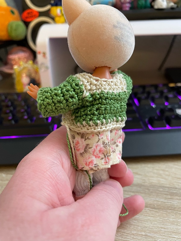 Well... It's just not working out the way I hoped. I tried so many times, but it's just too dang bulky on such a tiny doll. Instead, I think I'll crochet a scarf for her. I won't have to worry about things like seams, and I think a bulky scarf could be cute!
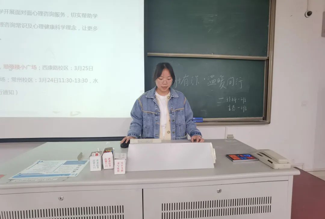 最后,向同学们介绍校内心理咨询相关的详细资料,鼓励同学们必要时寻求专业的心理疏导与帮助;宣传近期心理相关活动安排,鼓励感兴趣的同学们积极参与。同学们一起深入了解内心,更充分的认清自我,为未来而努力奋斗,一起健康快乐地生活。
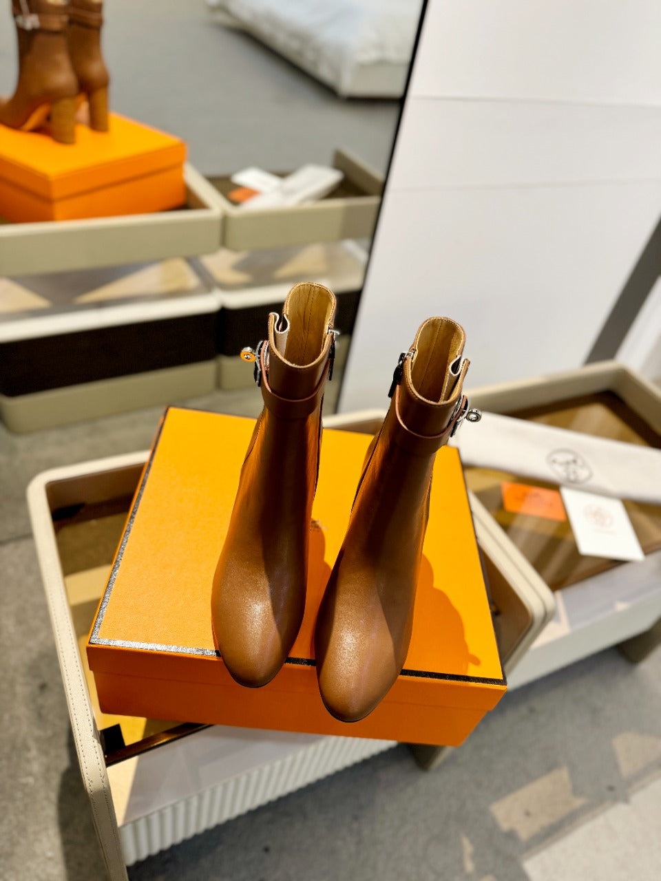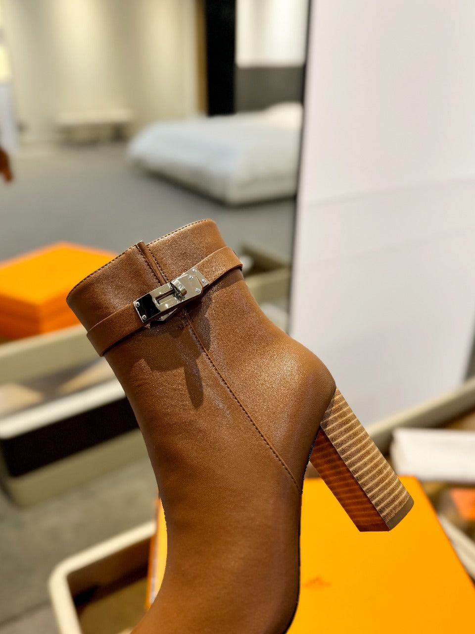 Stivaletto HM Saint Germain 85mm in pelle di vacchetta marrone 961645
#####
• WORK ITEM:
Your copy should hold all the data word for word. It should hold no pictures.

• TASK OUTPUT:
 Well... It's just not working out the way I hoped. I tried so many times, but it's just too dang bulky on such a tiny doll. Instead, I think I'll crochet a scarf for her. I won't have to worry about things like seams, and I think a bulky scarf could be cute!
 最后,向同学们介绍校内心理咨询相关的详细资料,鼓励同学们必要时寻求专业的心理疏导与帮助;宣传近期心理相关活动安排,鼓励感兴趣的同学们积极参与。同学们一起深入了解内心,更充分的认清自我,为未来而努力奋斗,一起健康快乐地生活。
 Stivaletto HM Saint Germain 85mm in pelle di vacchetta marrone 961645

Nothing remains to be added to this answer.